Monday, October 28, 2019

Oldest Well (?) In North Dakota Reports A Very, Very Nice IP -- Considering -- October 28, 2019

I could be wrong, but I think this is one of the oldest "test dates" I have ever seen for any well in North Dakota -- and it's a Bakken well! Whoo-hoo!

Tested back on April Fool's Day, 1931, it had a great IP: 2,171.

But after 88 years of production this well has produced less than 100,000 bbls of oil.

The well:
  • 35798, 2,171, Whiting, Link 31-14HU, Foreman Butte, t4/19 (although the scout ticket has the test date as 4/1/1931 -- which of course would be April Fool's Day, 1931 -- ; cum 72K 8/19;
Screen shot from the NDIC site:


For newbies: this is a  little bit of humor.

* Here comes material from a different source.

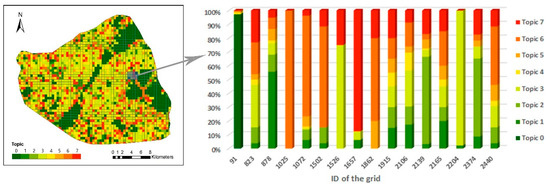 At the same time, the H-LDA model can describe the function probability distribution of each grid. Figure 7 shows the probability distribution of different topics for some grids in Figure 6b, from which we can clearly see the mixing of topics for each grid.

Obviously this was a typographical error. According to a sundry form for this well, the test date for this well was reported to be 4/8/2019, with 35 stages, 6.0 million lbs of sand.

If I recall correctly, "legend" has it that oil was first discovered in North Dakota in 1951, although many wells were drilled before then. Permit #25 is for the famous Clarence Iverson No 1 "discovery well." Meanwhile, NDIC permit #1:

1, dry, Des Lacs Western Oil Co., Blum 1, wildcat/Cretaceous pool. From the company's report at the time:
"The first oil to be discovered in this State was encountered in a shallow well on the A. F. Blum farm, situated in Section 9, Township 155, Range 83, Ward County, North Dakota, in October, 1916. After making tests from this well at the depth of 234 feet the Des Lacs Western Oil Compnay was formed and charterd (at the capitalization of 275,000 shares) under the Laws of the State of North Dakota. "Stock is non-assessable".

A second well was then drilled and oil was again encountered at 243 feet. The encountering of the sand rock at a lower level and also the finding of oil in the second well let us to believe that we were located on an oil structure and before spending any more money for tests it was agreed to have our field checked by one or more competent Civil Engineers or Oil Geologists.
As opposed, to say, "incompetent civil engineers."

No production data is shown at the NDIC site for this well, but it appears that the well eventually went on to produce around 72,000 bbls of oil, though the scout ticket says the well was "dry."

The location described above is near Burlington, ND, a bit west of Minot, ND.